The design emerged from a multi-year data-gathering effort: “We built a user service and recorded millions of human-agent interactions across 60,000 live agents. From this we abstracted a symbolic language that describes the structure of task-based conversations, separate from their domain-specific content.”
However, enterprises that have already built systems built around Transformer LLM need not worry. Oi wants to make it as easy as possible to adopt its new technology.
"Apollo-1 deploys like any modern Foundation model," Alhello told VentureBeat in a text last night. "It does not require dedicated or proprietary clusters to run. It works in standard cloud and hybrid environments, leverages both GPUs and CPUs, and is significantly more cost-effective to deploy than frontier reasoning models. Apollo-1 can also be deployed across major clouds in isolated environments for increased security."
General and domain flexibility
Apollo-1 is described as a foundation model for task-based dialog, meaning it is domain-agnostic and common across verticals such as healthcare, travel, insurance, and retail.
Unlike consulting-heavy AI platforms that require bespoke logic per client, Apollo-1 allows enterprises to define behaviors and tools in a common symbolic language. This approach supports rapid onboarding and reduces long-term maintenance. According to the team, an enterprise can launch one working agent a day.
Importantly, procedural rules are encoded at the symbolic layer—not learned from examples. This enables implementation of det biases for sensitive or regular tasks.
For example, a system can prevent the cancellation of a basic economy flight not by inferring intent but by applying hard-coded logic to a symbolic representation of the booking class.
As Alhello explained to VentureBeat, the LL.M "Not a good method when you’re looking for certainty. It’s better if you know what you’re sending (to the AI ​​model) and always sending, and you know, always, what’s going to come back (to the user) and how to handle it. “
Availability and developer access
Apollo-1 is already in active use within Fortune 500 enterprises in a closed beta, and a general availability release is expected before the end of 2025. Previous report by Informationfor , for , for , . That broke the initial news from the startup.

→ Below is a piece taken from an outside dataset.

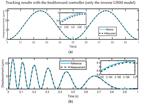 Tracking results obtained by only the inverse LSSVM model-based controller for (a) reference signal A; (b) reference signal B.
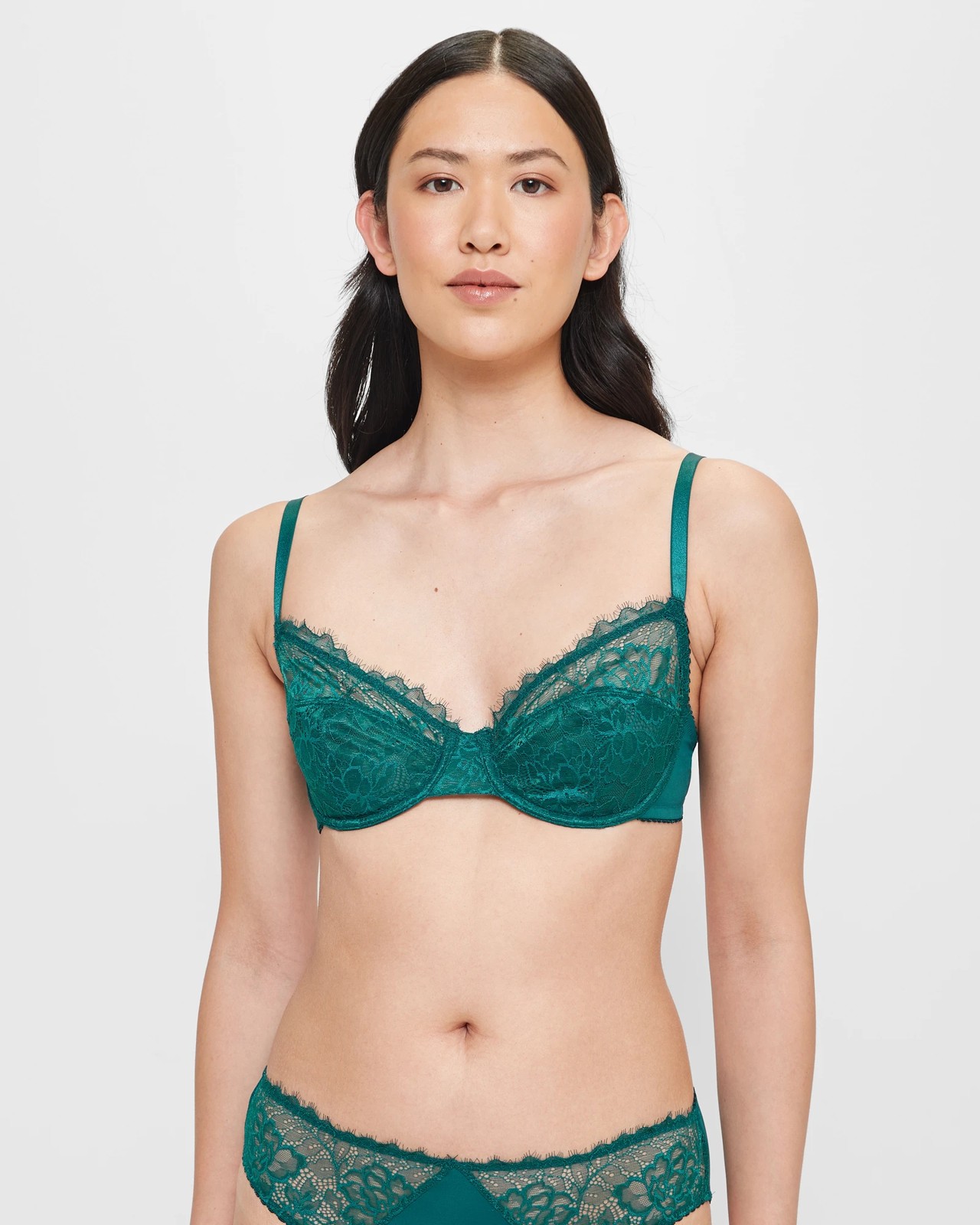 Experience ultimate comfort and style with our Soft Cup Underwire Lace Bra. Made from a luxurious nylon-rich fabric, this bra features a stretchy design for a perfect fit and a soft, satin-like feel against your skin. The playful deep teal colour adds a touch of sophistication to your lingerie collection. The balconette design and sweetheart neckline provide a flattering shape, while the thin adjustable shoulder straps ensure a comfortable and secure fit. With soft lace cups and full coverage, this bra offers both style and support. The scalloped edging around the hemline adds a feminine touch. Complete the look by pairing it with our matching briefs (sold separately). Upgrade your lingerie collection with this stunning bra today and feel confident and beautiful inside and out.

Enterprises in conjunction with Apollo 1 either:
A developer’s playground, where business users and technical teams jointly shape policies, rules, and practices. or
A standard API, using OpenAI compliant formats.
The model supports policy enforcement, rule-based customization, and steering through guardrails. Symbolic rules allow businesses to restrict certain behaviors, while LLM modules handle open text interpretation and user interaction.

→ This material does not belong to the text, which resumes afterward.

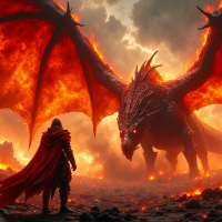 volcanic terrain due to the presence of smoke and lava flow. The warrior is dressed in a cloak and armor, standing resolute in front of the dragon, seemingly prepared for combat. The overall atmosphere conveys

Enterprise Fit: When Reliability Beats Fluency
Although higher general purpose dialogue and creativity are enhanced in the LLM, they remain potential.
Apollo-1 addresses this gap by offering a system where policy adherence and deterministic performance are first-class design goals.
Alhello puts it bluntly: “If your use case is task-based dialog, you have to use us, even if you’re ChatGPT.”